An Analysis of Markov Regime-Switching Models for Weather Derivative Pricing

Abstract: The valuation of weather derivatives is greatly dependent on accurate modeling and forecasting of the underlying temperature indices. The complexity and uncertainty in such modeling has led to several temperature processes being developed for the Monte Carlo simulation of daily average temperatures. In this report, we aim to compare the results of two recently developed models by Gyamerah et al. (2018) and Evarest, Berntsson, Singull, and Yang (2018). The paper gives a thorough introduction to option theory, Lévy and Wiener processes, and generalized hyperbolic distributions frequently used in temperature modeling. Implementations of maximum likelihood estimation and the expectation-maximization algorithm with Kim's smoothed transition probabilities are used to fit the Lévy process distributions and both models' parameters, respectively. Later, the use of both models is considered for the pricing of European HDD and CDD options by Monte Carlo simulation.

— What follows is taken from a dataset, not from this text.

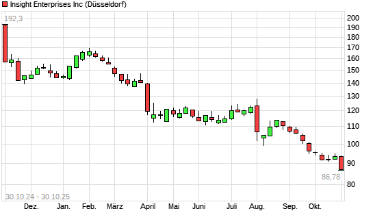 Mit dem Rücksetzer auf 89,66 EUR hat die Insight Enterprises-Aktie (ISIN US45765U1034) am 29.10.2025 ein neues 3-Jahres-Tief erreicht und damit den Kurs vom 20.12.2022 eingestellt.

The evaluation shows a tendency toward the shifted temperature regime over the base regime, in contrast to the two articles, when evaluated for three data sets. Simulation is successfully demonstrated for the model of Evarest, however Gyamerah's model was unable to be replicated. This is concluded to be due to the two articles containing several incorrect derivations, why the thesis is left unanswered and the articles' conclusions are questioned. We end by proposing further validation of the two models and summarize the alterations required for a correct implementation.